§ **TASK INSTRUCTIONS**: Given the records underneath, please repeat exactly the lines from the line with "第45+2分钟,蒙特雷前场再来一脚远射,西川周作飞身将球扑出!↓" through the line with "生酒熟醉蟹(国稀有机黄酒)、", passing over any picture.

§ **RECORDS FOR PROCESSING**:
::::::::::
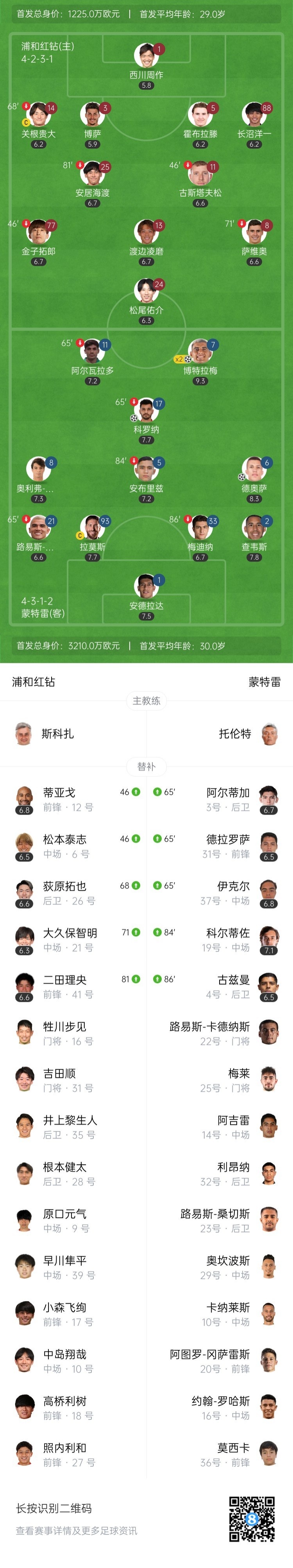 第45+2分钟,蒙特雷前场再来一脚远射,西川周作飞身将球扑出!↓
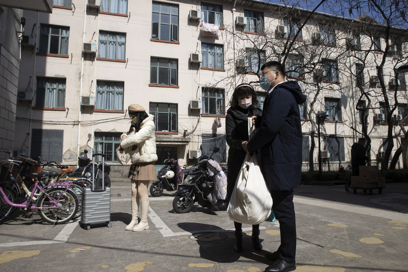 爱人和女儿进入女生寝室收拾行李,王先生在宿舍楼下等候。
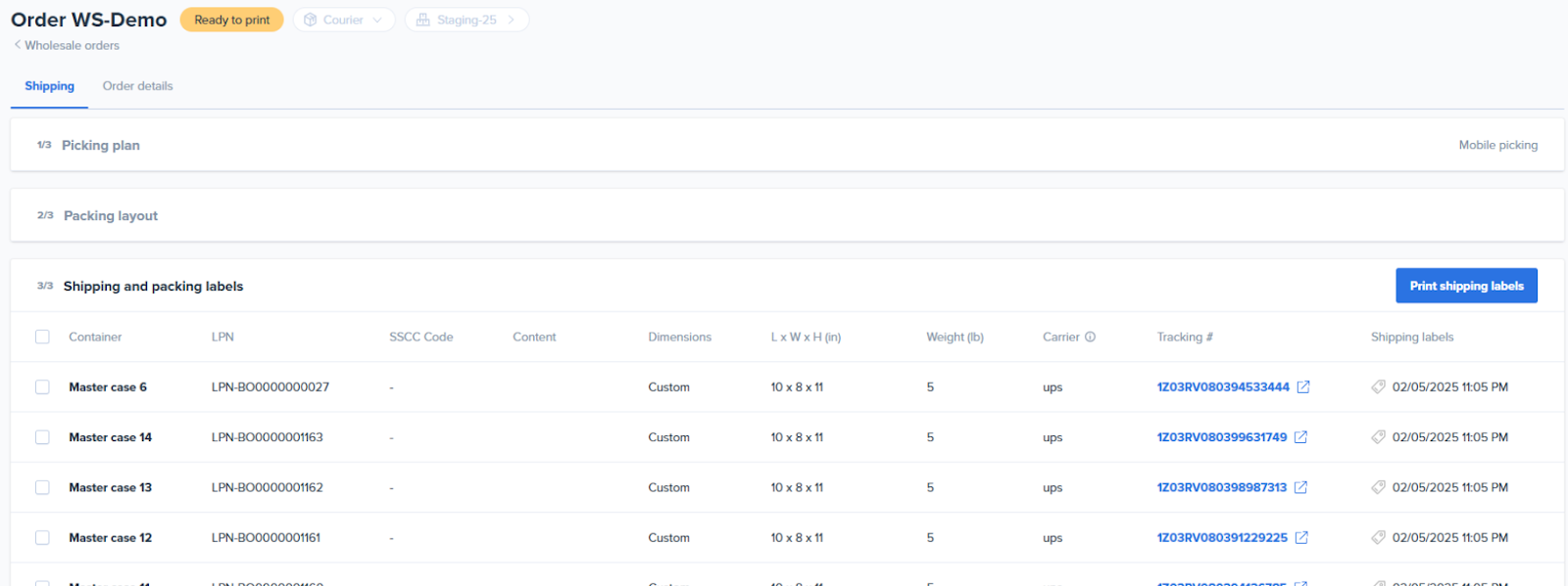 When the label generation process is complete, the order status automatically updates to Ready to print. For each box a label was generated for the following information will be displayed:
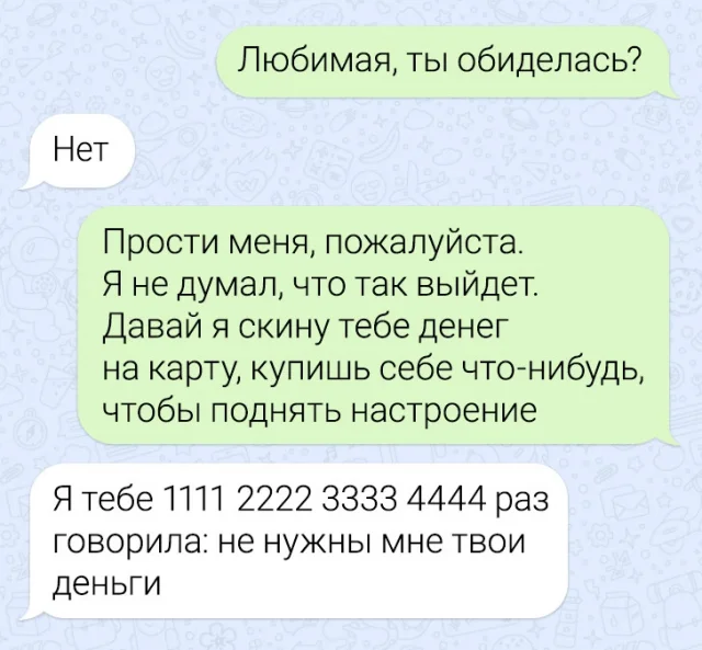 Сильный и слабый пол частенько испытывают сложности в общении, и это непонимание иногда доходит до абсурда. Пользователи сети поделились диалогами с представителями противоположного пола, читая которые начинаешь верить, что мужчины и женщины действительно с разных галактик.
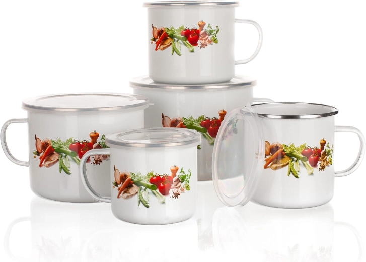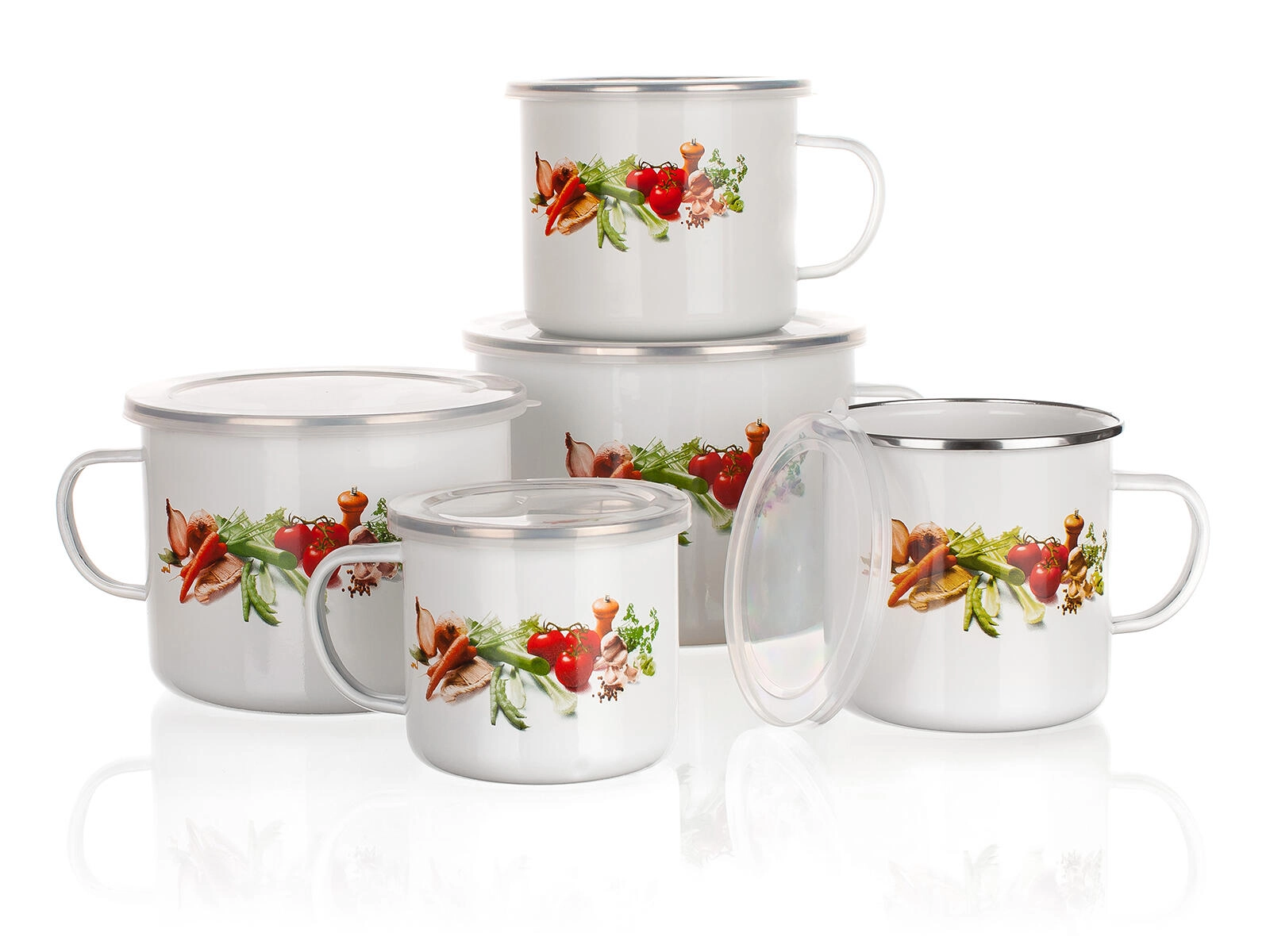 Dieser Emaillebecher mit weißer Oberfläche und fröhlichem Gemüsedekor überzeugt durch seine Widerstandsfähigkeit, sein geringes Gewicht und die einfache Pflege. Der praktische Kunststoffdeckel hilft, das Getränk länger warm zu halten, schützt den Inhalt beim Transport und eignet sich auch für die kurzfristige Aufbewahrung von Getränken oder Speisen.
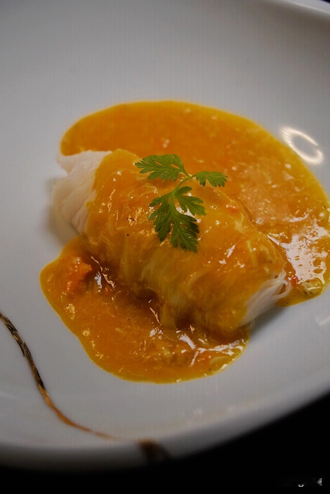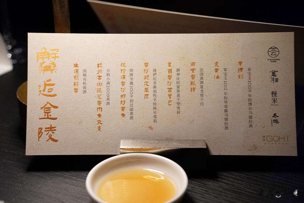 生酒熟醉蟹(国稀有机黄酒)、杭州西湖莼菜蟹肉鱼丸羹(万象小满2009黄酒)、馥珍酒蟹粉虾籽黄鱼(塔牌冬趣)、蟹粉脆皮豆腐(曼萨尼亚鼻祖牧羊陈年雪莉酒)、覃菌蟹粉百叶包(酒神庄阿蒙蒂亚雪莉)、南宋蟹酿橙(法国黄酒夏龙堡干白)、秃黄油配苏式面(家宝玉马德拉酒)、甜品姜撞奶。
::::::::::
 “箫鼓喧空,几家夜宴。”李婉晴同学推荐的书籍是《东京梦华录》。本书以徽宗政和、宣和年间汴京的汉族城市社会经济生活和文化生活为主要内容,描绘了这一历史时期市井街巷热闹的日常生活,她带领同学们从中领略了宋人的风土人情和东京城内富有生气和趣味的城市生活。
::::::::::
§ **EXERCISE RESPONSE**:
 第45+2分钟,蒙特雷前场再来一脚远射,西川周作飞身将球扑出!↓
 爱人和女儿进入女生寝室收拾行李,王先生在宿舍楼下等候。
 When the label generation process is complete, the order status automatically updates to Ready to print. For each box a label was generated for the following information will be displayed:
 Сильный и слабый пол частенько испытывают сложности в общении, и это непонимание иногда доходит до абсурда. Пользователи сети поделились диалогами с представителями противоположного пола, читая которые начинаешь верить, что мужчины и женщины действительно с разных галактик.
 Dieser Emaillebecher mit weißer Oberfläche und fröhlichem Gemüsedekor überzeugt durch seine Widerstandsfähigkeit, sein geringes Gewicht und die einfache Pflege. Der praktische Kunststoffdeckel hilft, das Getränk länger warm zu halten, schützt den Inhalt beim Transport und eignet sich auch für die kurzfristige Aufbewahrung von Getränken oder Speisen.
 生酒熟醉蟹(国稀有机黄酒)、杭州西湖莼菜蟹肉鱼丸羹(万象小满2009黄酒)、馥珍酒蟹粉虾籽黄鱼(塔牌冬趣)、蟹粉脆皮豆腐(曼萨尼亚鼻祖牧羊陈年雪莉酒)、覃菌蟹粉百叶包(酒神庄阿蒙蒂亚雪莉)、南宋蟹酿橙(法国黄酒夏龙堡干白)、秃黄油配苏式面(家宝玉马德拉酒)、甜品姜撞奶。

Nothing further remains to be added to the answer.